The tasting room has “deep agricultural roots,” Dalby said. They don’t want the agricultural district across the street to change.


Within the valley sits Eunomia Farms, where Andrew Ely grows peas, tomatoes, kale, radishes and other produce on an acre. He says he has issues with drainage on his farm and worries about an increase in sewage and runoff that could flow into the farmland from the businesses across the street.

He also worries that the ordinance would bring more development to the Sammamish Valley.

“The question is, which direction do you want the Sammamish Valley to go? ” Ely said. “The Kent Valley is entirely gone, the Green River Valley in Auburn, that whole area has seen a transformation. We know the pathway for when you open rural and agricultural land to commercialization.”

King County Councilmember Kathy Lambert, whose district includes a portion of Woodinville, said no one wants to see development of the agricultural district. However, she thinks that farms can benefit from the tasting rooms in rural areas.

“There are people who are enjoying these establishments on Friday or Saturday night, and they see these beautiful farms and decide ‘I am going to go buy something there,’ ” she said. “It’s a good symbiotic relationship.”

Ordinance opponents have suggested that the tasting rooms simply move their operations to the Woodinville urban area, joining dozens of other similar businesses. But owners say it’s not that easy.


“My farm can’t operate on a cement pad, but these tasting rooms can operate in any capacity, in any location,” Ely said.

Other critics like Serena Glover, founder of Friends of Sammamish Valley, call them “illegally operating bars,” because “they are drinking places, and they are not legal in rural areas.”

Matthews owner Cliff Otis disputes that description.

“There’s not one single thing we are doing that’s illegal,” he said, and noted that, unlike a bar with spirits and beer, they sell only their own wines.

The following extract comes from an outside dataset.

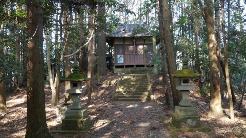 おもちゃのまちの北,姿川の西300m。田園地帯の森に鎭座。古墳様の盛土の上に建てられている。すぐ北に神明神社。
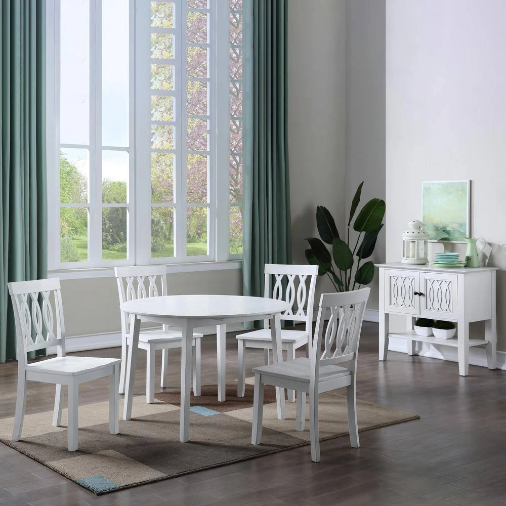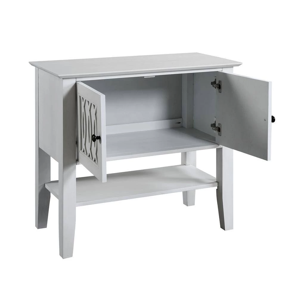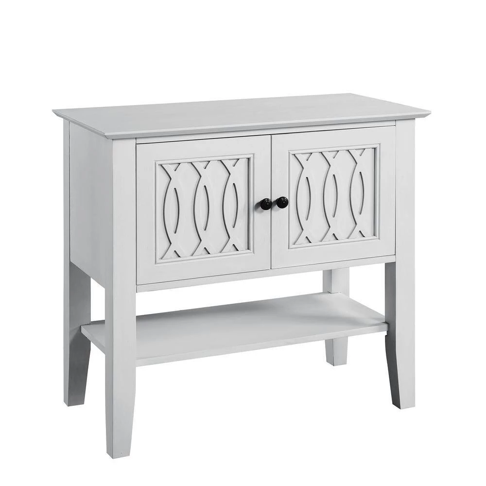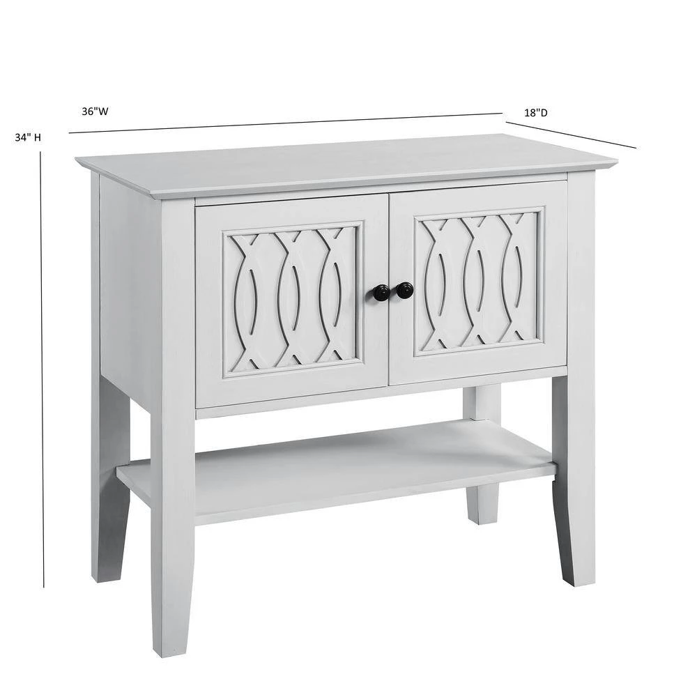 The compact yet very functional Naples Server offers much needed space for serving and storage to any dining area. The white finished piece features the overlapping ring design that echoes throughout the Naples collection. Twin doors offer hidden storage for any items while the bottom shelf offers additional storage or display space. Your purchase includes one server.

The Otises acknowledge there have been missteps in the past, like an end-of-summer party in September 2017 that was attended by about 1,500 people. The crowd caused a traffic jam and many parked their cars across the street on protected farmland. The owners have since decided to relocate the party to a Snohomish farm.

“We listened, we heard, we changed,” said son Bryan Otis, national sales and marketing director for Matthews Winery. “We want to be good neighbors.”